The system call performs a mode switch to kernel mode. In kernel mode devices can be accessed. All CPU time spent in kernel mode is recorded as 'system' CPU.

Measuring IO

When you look at IO figures and latencies, you have understand two things. The first thing to understand is whether the measurement or measurements you are looking at is an average or an absolute measurement. Averages hide peaks, and the more time the measurement is taken over, the more averaged the figure is.

The other important thing is the above described layer the measurement comes from.

iostat, sar, node exporter or anything else that takes figures from /proc come from level 5.
bcc (ebpf) tools xfsdist and xfsslower come from from level 3.
bcc (ebpf) tools biosnoop, biolatency, biotop comes from level 5.
perf trace, strace come from level 3.
application figures come from level 1.

Measurements at different layers do include different amounts of work and thus might yield different figures. Also some tools can add (significant) latency (!!), such as strace and perf. Be extremely cautious in production situations!

I hope if you made it this far that these layers can have significance. In a lot of situations, when you encounter high latencies using figures obtained from for example application measured IO times, it simply means your disk device encountered that latency, and the latency figures are roughly equal over the the different layers.

How does a latency figure look like

But let's first look at latency figures. I said you have to know if a figure is an average or an absolute measurement. The reason for that is that IO latencies are not/never a single figure. They fluctuate.
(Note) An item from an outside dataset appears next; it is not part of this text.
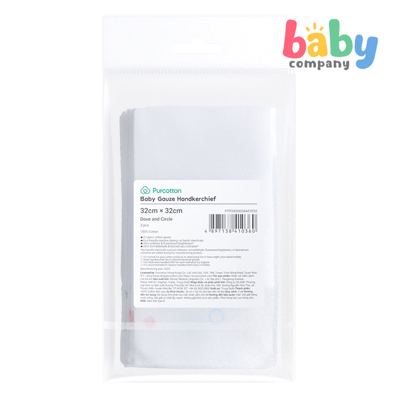 Purcotton Baby Gauze 3-Piece Handkerchief - Dove & Circle (32x32cm)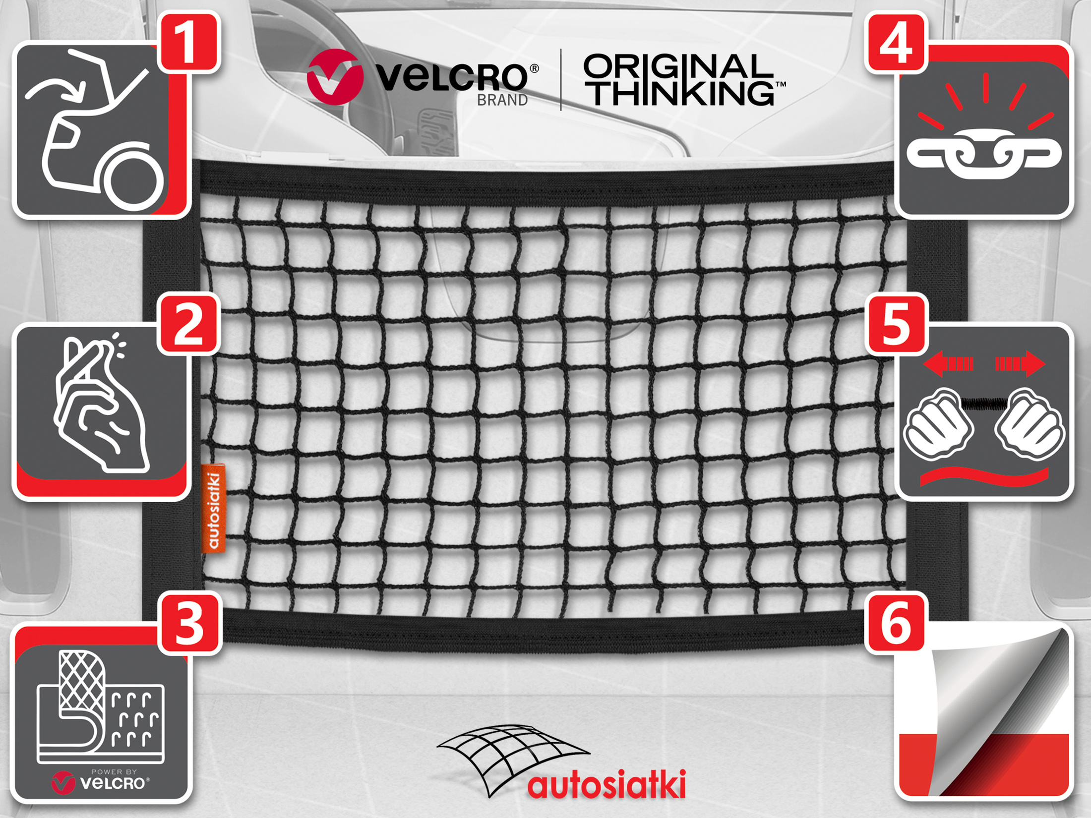 Это прочная сетка, подстриженная по бокам с сильной лентой на липучке авторитетной компании velcro ® . Вверху и снизу, завершенная с упругой резиной, которая позволяет соответствовать сетке с транспортируемыми предметами. Забор прикреплен к ковру в багажнике или в автомобильной кабине. Использование ленты Velcro ® гарантирует качество и уверенность в креплении Autosiaka.

This might come as a shock to some people, because lots (and I mean: LOTS) of people talk about IO latency stating a single figure. IO latency fluctuates, even with modern NVMe SSD, because there are lots and lots of things happening at the same on a modern computer system, which can and sometimes will influence your latency.

Also storage latency in modern clouds fluctuates, and you should/have to assess whether the fluctuations are acceptable. Some clouds have outliers that are quite high, but because of the low frequency of them still have an acceptable average latency.
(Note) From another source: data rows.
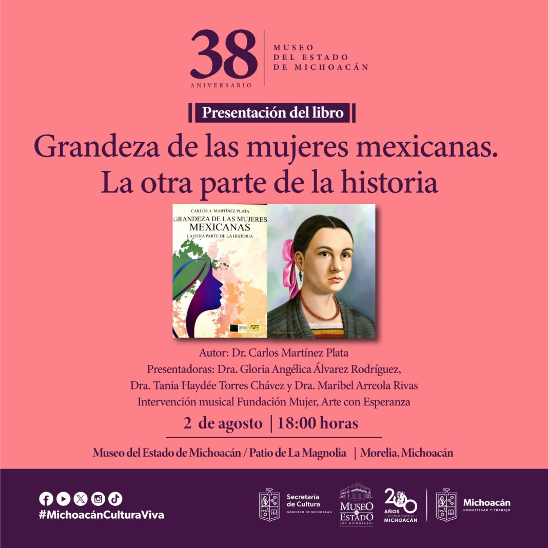 Morelia, Michoacán.- La Secretaría de Cultura de Michoacán (Secum) invita a la presentación del libro, Grandeza de las mujeres mexicanas, del autor Carlos Martínez Plata, una obra biográfica de 51 mujeres mexicanas que han desafiado los modelos tradicionales para contribuir a las causas nacionales.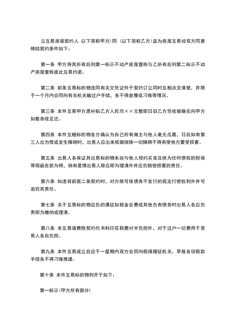 第一条 甲方将其所有后列第一标示不动产房屋壹栋与乙所有后列第二标示不动产房屋壹栋彼此互易约诺。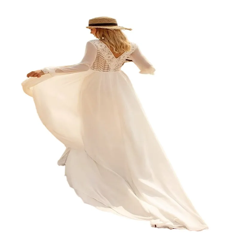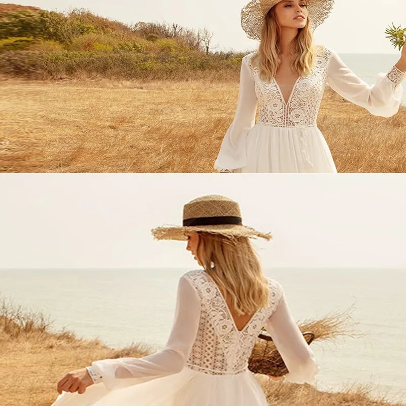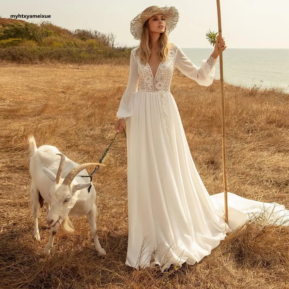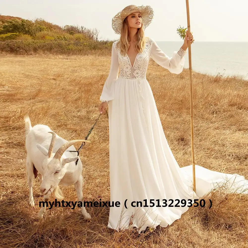 Шифоновое свадебное платье с длинным рукавом, V-образным вырезом и кружевной аппликацией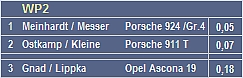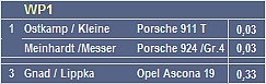 Samstag 01.08. Sichtung, WP1, WP2... Offenbar reichte die pure Anwesenheit des Mental-Coaches um Ostkamp /Kleine zu Höchstleistung zu motivieren. Der Frosch und Ronja fahren zeitgleich (!!!) Bestzeit. |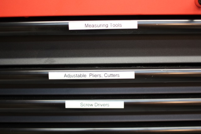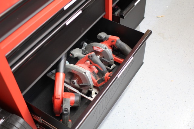 The tool cabinet, lower right drawer, has a removable power tool organizer to keep tools upright, and easily accessible. Cordless tools can be stowed so their handles are facing up, for quick access, or on their backs so you can see the working end of the tool for fast identification.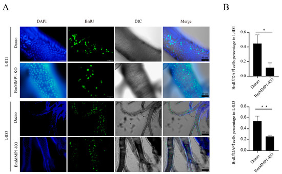 BmMMP1 affects the silkworm tracheal cells proliferation. (A) The proliferation activity of trachea cells by BrdU labeling assay in L4D1 and L4D3. DAPI (Blue) stained cell nucleus and green fluorescent signal BrdU positive cells or BrdU+ cells. Different magnification was selected for the two experiments. (B) The ratio statistics of BrdU+ cells to DAPI+ cells. (*, 0.01 ≤ p < 0.05; * *, p < 0.01).
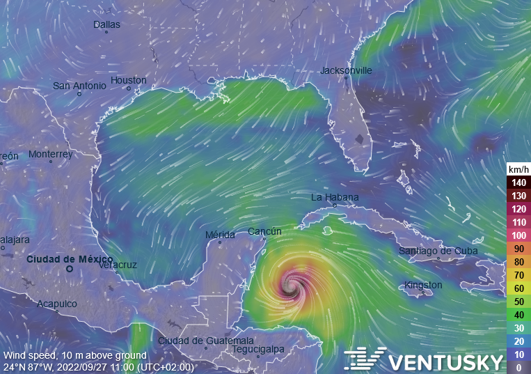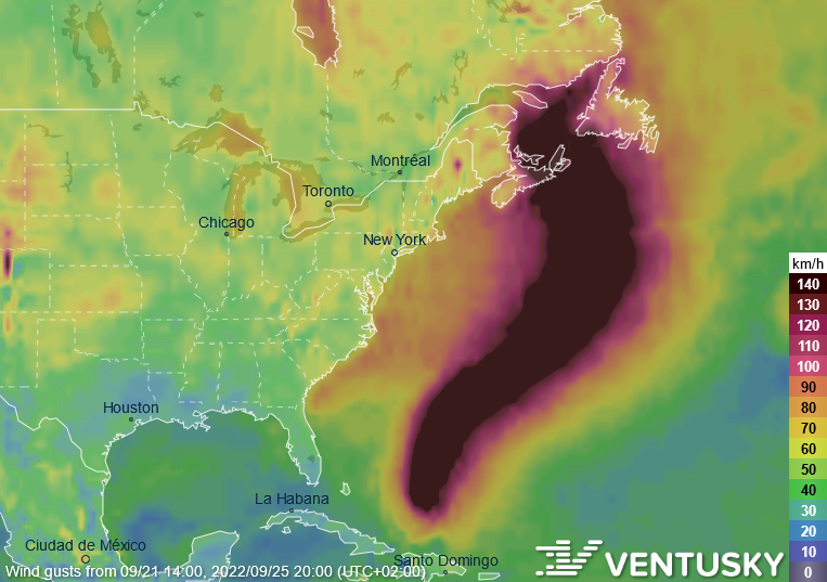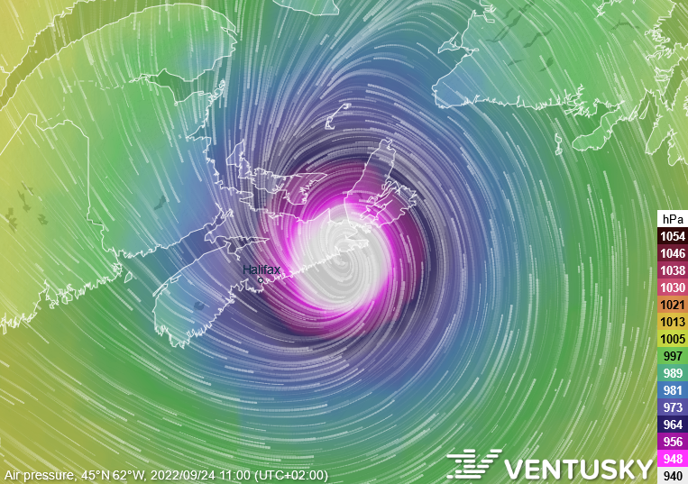 Tlak v centru Fiony, resp. z ní vznikající mimotropické cyklóny by v sobotu mohl u Nového Skotska klesnout až k 930 hPa

If the fluctuations that I just described surprises you, and you thought that because you are running in a professional cloud means this is all consistent, please perform a fio benchmark on your cloud to find out. I know I was very surprised to see HDD era latencies. I am not kidding here!

Know your environment

In most cases there is no need to perform a deep dive into the kernel internals, and your physical IO latency simply was high. This can reasonably easy be established by trying to link latencies from the application and tools that obtained them from layer 3, and comparing them with latencies obtained from layer 5.

In a lot of cases that I seen there is a lacking understanding of disk bandwidth. The first observation is that people have a hard time understanding or appropriately reporting IOPS (operations per second) and MBPS (megabyte per second). My advise here is: do not fight the figures (perform measurements to see if these can be reached), but work with the figures (carefully use the figures to see how well your application performs IO).
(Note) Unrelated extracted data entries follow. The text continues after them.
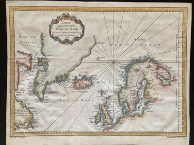This 1758 sea chart shows coasts of the British Isles, Iceland, Greenland and most directly Scandinavia. It was published by Jacques Nicolas Bellin (1703-1772) and featured in Antoine Francois Prevost's " L' Histoire Generale des Voyages". The map covers coastlines of Finland, Scandinavia, Iceland, Greenland, The British Isles, and Canada from Baffin Island south to the ILe d'Anticosti which lies in the Gulf of Saint Lawrence. In addition to his six Atlases published from 1753 to 1771, Bellin was appointed chief cartographer to the French Navy in 1721 at the age of 18 and twenty years later he became engineer to the French Hydrographical office as well as Official Hydrographer to the French King.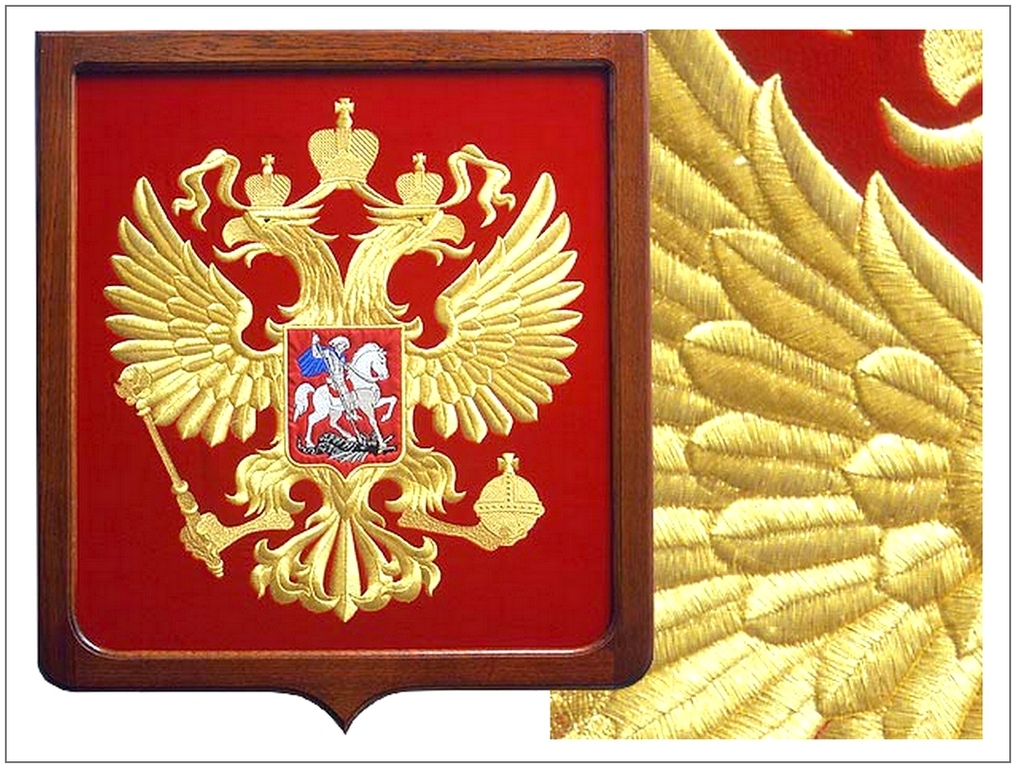 Мы предлагаем Герб РФ с вышивкой, размещенный в деревянной фигурной рамке, который может быть установлен на стену вашего кабинета, офиса или другого помещения.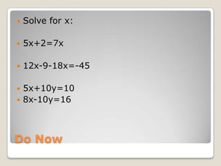 This document provides an overview of a unit on writing and solving two variable equations and systems of equations. It includes examples of solving systems of equations, word problems that can be modeled with systems, and an activity where students work in groups to create and solve their own word problem involving two variables. The homework asks students to explain on a WordPress site why they chose their word problem topic and whether solving systems could help problems in daily life.

The second observation is that I see a lot of people ignoring the fact that with a little bit of work you can understand the IO limits of your system. Please put in the effort to go to the cloud vendor's documentation and work out what IO limits you actually got. Without them you are flying blind.

In all cases make your environment, which in the cloud is CPU and IO, predictable and consistent. Do not use bursting. Any assessment done with any form of bursting can and should be moved to the bin because that alters the limits during your run. Essentialy, bursting makes you measure two different systems to which the bursting made your virtual machine switch to.

When IO limits are hit, both for IOPS and MBPS, in the cloud and outside of the cloud with local devices, requests will queue. The queueing meaning the request has to wait before it gets served, and therefore appears to the application layer as increased latency. If you want to know more about this, please read up on https://en.wikipedia.org/wiki/Queueing_theory.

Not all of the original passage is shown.